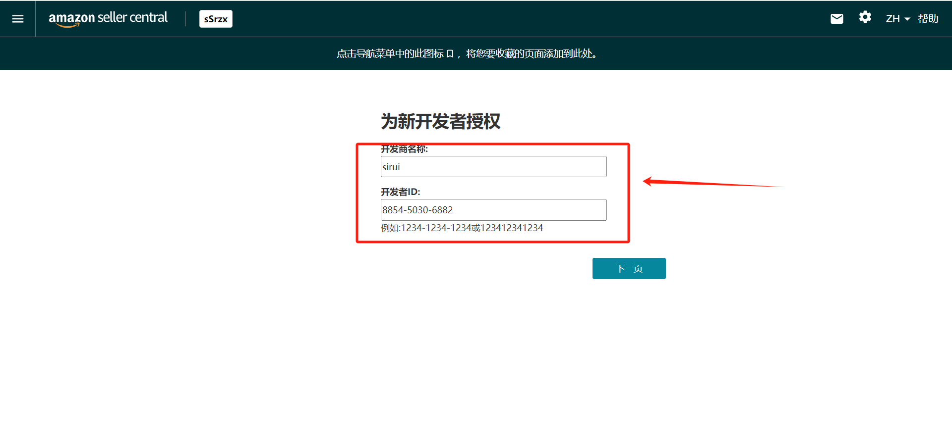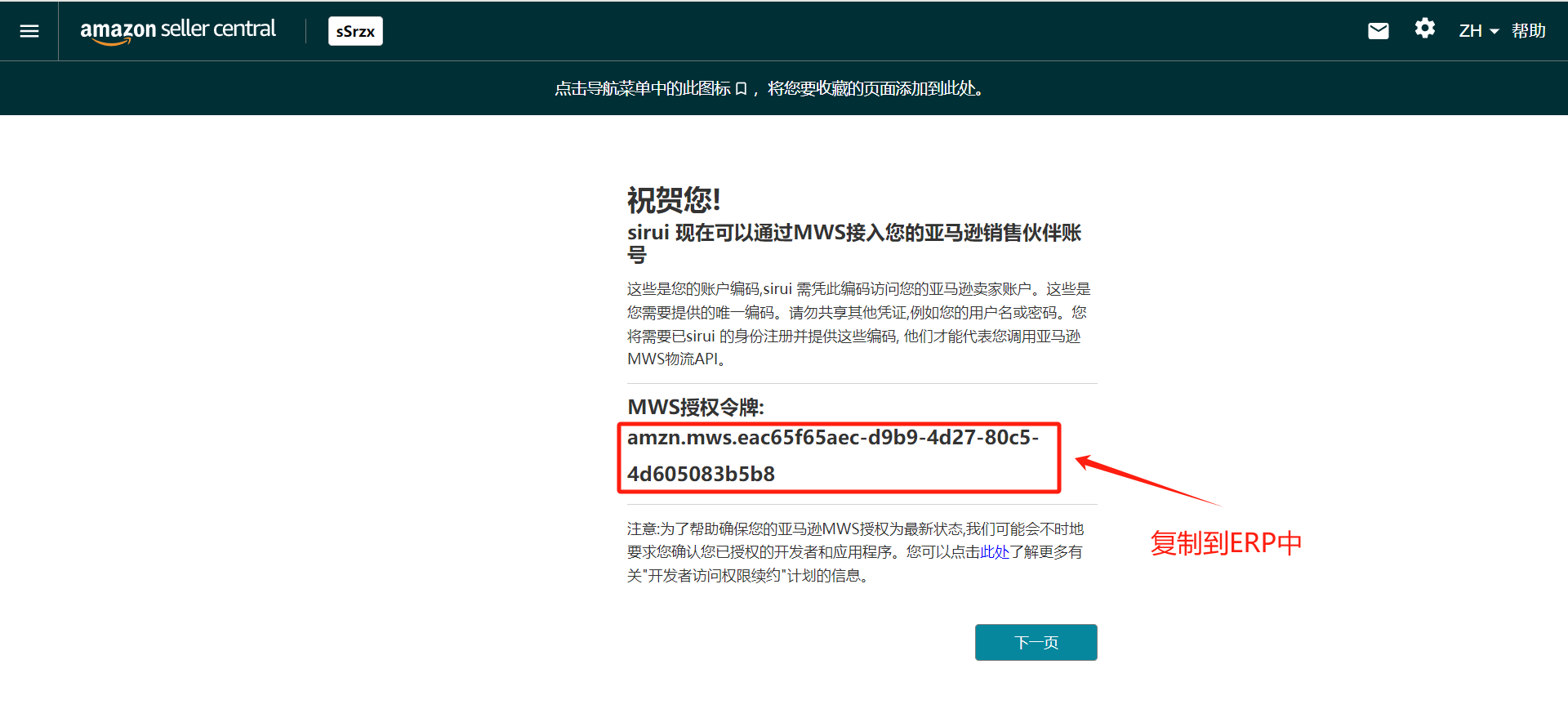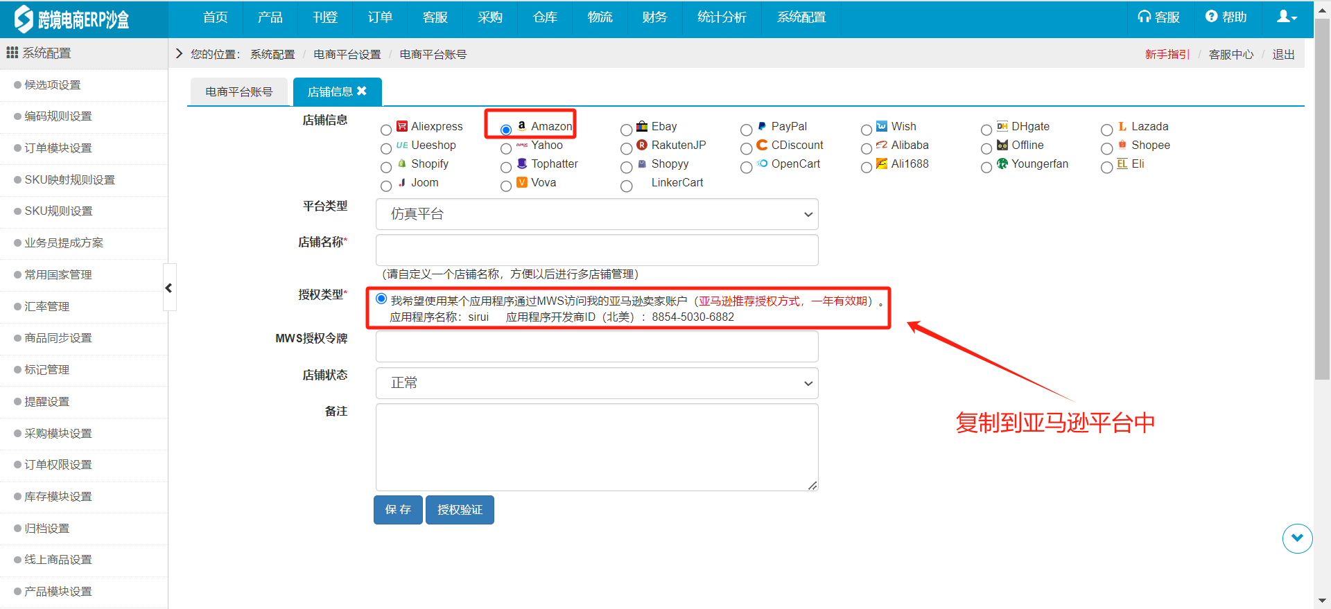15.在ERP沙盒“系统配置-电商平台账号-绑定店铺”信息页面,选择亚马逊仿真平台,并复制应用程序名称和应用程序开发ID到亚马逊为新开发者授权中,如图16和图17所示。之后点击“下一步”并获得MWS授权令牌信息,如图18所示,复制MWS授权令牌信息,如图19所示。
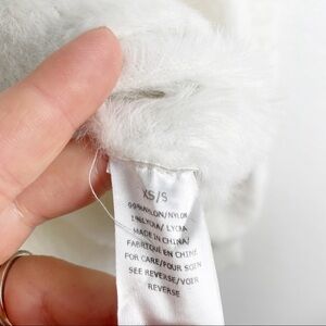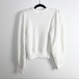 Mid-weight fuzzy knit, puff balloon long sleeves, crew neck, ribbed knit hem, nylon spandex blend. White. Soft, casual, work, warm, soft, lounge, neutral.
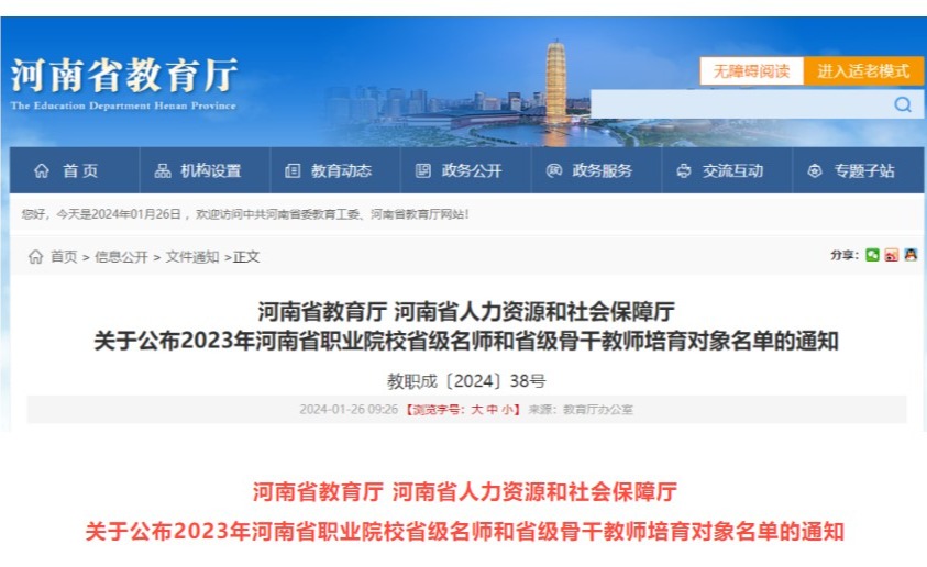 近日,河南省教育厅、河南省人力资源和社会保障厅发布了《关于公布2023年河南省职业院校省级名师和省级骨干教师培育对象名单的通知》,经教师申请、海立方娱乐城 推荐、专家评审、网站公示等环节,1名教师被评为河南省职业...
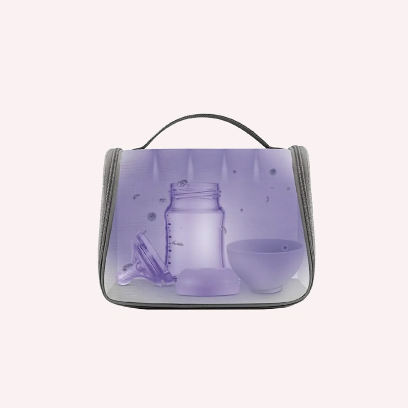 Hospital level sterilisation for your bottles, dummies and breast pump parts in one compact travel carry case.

-*-

WHAT IS EXPECTED | The lines from the top of the data above through the one holding "Mid-weight fuzzy knit, puff" are to be repeated exactly, and only those, with no pictures.

SOLUTION |
15.在ERP沙盒“系统配置-电商平台账号-绑定店铺”信息页面,选择亚马逊仿真平台,并复制应用程序名称和应用程序开发ID到亚马逊为新开发者授权中,如图16和图17所示。之后点击“下一步”并获得MWS授权令牌信息,如图18所示,复制MWS授权令牌信息,如图19所示。
 Mid-weight fuzzy knit, puff balloon long sleeves, crew neck, ribbed knit hem, nylon spandex blend. White. Soft, casual, work, warm, soft, lounge, neutral.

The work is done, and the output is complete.